# Pagination

When returning large datasets, results are paginated to improve performance and usability. The platform supports multiple pagination strategies depending on your use case.

## Offset-Based Pagination

The default pagination strategy uses `page` and `per_page` parameters:

```
GET /users?page=1&per_page=20
```

Returns items 1-20. Page 2 returns items 21-40, etc. This is simple and familiar but becomes inefficient for large offsets (deep pagination is slow in databases).

Response includes pagination metadata:

```json
{
  "data": [...],
  "pagination": {
    "page": 1,
    "per_page": 20,
    "total": 1234,
    "pages": 62
  }
}
```

## Cursor-Based Pagination

For large datasets, use cursor-based pagination. Cursors are opaque strings that point to a specific position in the dataset:

```
GET /events?first=20&after=cursor_xyz
```

Returns the first 20 items after the cursor. Cursors encode the sort key and position, allowing efficient jumping through datasets.

```json
{
  "data": [...],
  "pagination": {
    "has_next": true,
    "has_previous": true,
    "next_cursor": "cursor_abc",
    "previous_cursor": "cursor_xyz"
  }
}
```

Cursor-based pagination is ideal for large tables, sorted results, and real-time data. It handles insertions/deletions during pagination gracefully.

## Limit and Offset

Alternative syntax using `limit` and `offset`:

```
GET /users?limit=20&offset=40
```

Equivalent to `page=3&per_page=20`. Less commonly used than page/per_page.

## Pagination Limits

Maximum `per_page` is 100 items. Requesting more returns a 400 error. Some expensive endpoints (e.g., analytics) have lower limits (max 50).

Minimum `per_page` is 1. Default is 20 if unspecified.

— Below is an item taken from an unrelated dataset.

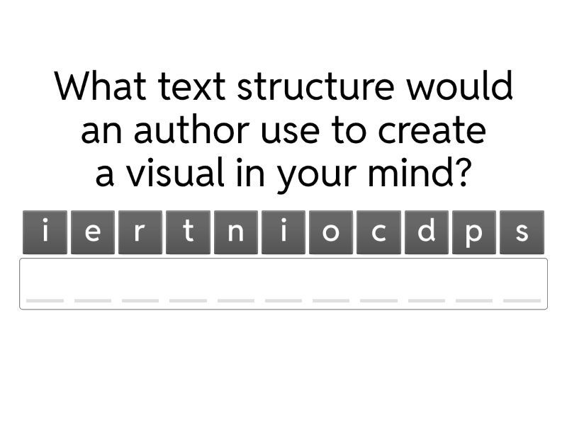description - What text structure would an author use to create a visual in your mind?, comparecontrast - What text structure explains differences and similarities?, description - What text structure uses a variety of adjectives, adverbs, and figurative language?, sequence - What text structure is an order of events, not necessarily at a specific date or time?, chronological order - What text structure is related to events in order that occur at specific dates and times?, sequence - What text structure is used in recipes?, description - What text structure is used in poetry?, description - What text structure would an author use in an encyclopedia article about the blue whale?, description - What text structure gives facts, information, and/or technical details about a topic?, comparecontrast - What text structure uses signal words like similarities, both, on the other hand, in opposition?, chronological order - What text structure would most likely be written on a timeline?, comparecontrast - What text structure would most likely be written in a Venn diagram or table?, sequence - What text structure is used when a teacher gives students instructions?, description - What text structure is used most often in fiction texts?, chronological order - What text structure would be used in a nonfiction article detailing the events of the Civil War?, sequence - What text structure is used in tutorials?, cause and effect - What text structure uses the signal words BECAUSE, AS A RESULT, IF/THEN?, cause and effect - What text structure is used in the book If You Give a Mouse a Cookie (If you give a mouse a cookie, he'll want a glass of milk.), comparecontrast - What text structure would an author use to show likenesses and differences between Disney World and Universal Studios?, problem and solution - What text structure would be used in an article that offers suggestions for combatting the effects of climate change?, problem and solution - What text structure would be best for trying to convince Americans to get a flu shot during flu season?, time - What does the prefix chronos- mean?, true - True or false? Chronological order is a type of sequence., the way an author organizes a piece of writing - What is a text structure?, true - True or false? Authors can use descriptive text structure in fiction and nonfiction., false - True or false? If a passage includes a date, it is always written in a chronological text structure., They can both describe a problem - Why are problem/solution and cause/effect text structures similar?, true - True or false? A problem can have multiple solutions and a single solution can solve multiple problems.,

## Ordering and Pagination

Results are ordered by `created_at` descending by default. When paginating, always specify sort order explicitly:

```
GET /users?page=1&per_page=20&sort=-created_at,name
```

This ensures consistent ordering across pagination requests.

## Total Count Caching

The `total` count in offset-based pagination is eventually consistent. It's cached for performance and may be 1-2 minutes stale. For critical applications, re-query the total separately.

With cursor pagination, the `total` is not provided to avoid expensive count queries.

## Practical Pagination Patterns

**For UI (tables, infinite scroll)**:
Use offset-based pagination with low page numbers. Cache early pages (page 1-5); deeper pages are rarely accessed.

**For data exports**:
Use cursor-based pagination. It handles large datasets efficiently and provides stable ordering.

**For real-time feeds**:
Use cursor-based pagination with timestamp cursors. This handles insertions gracefully (new items appear at the top without disrupting pagination).

**For analytics/reporting**:
Use offset-based pagination with reasonable per_page values (20-50). Accept that large offsets are slow; optimize by filtering first.

## Combining with Filters and Sorting

Pagination works seamlessly with filters and sorting:

```
GET /users?status=active&sort=-created_at&page=2&per_page=50
```

Filters reduce the dataset first, then pagination applies. Total count reflects filtered results.

## Backwards Pagination

Cursor-based pagination supports `last` and `before` parameters for reverse iteration:

```
GET /events?last=20&before=cursor_xyz
```

Returns the 20 items before the cursor. Useful for "load more above" patterns.

## Performance Considerations

Avoid deep pagination (high page numbers). Instead, use filters to narrow results before paginating. For example, "show active users page 100" is slower than "show active users in 2026-02-18 page 1".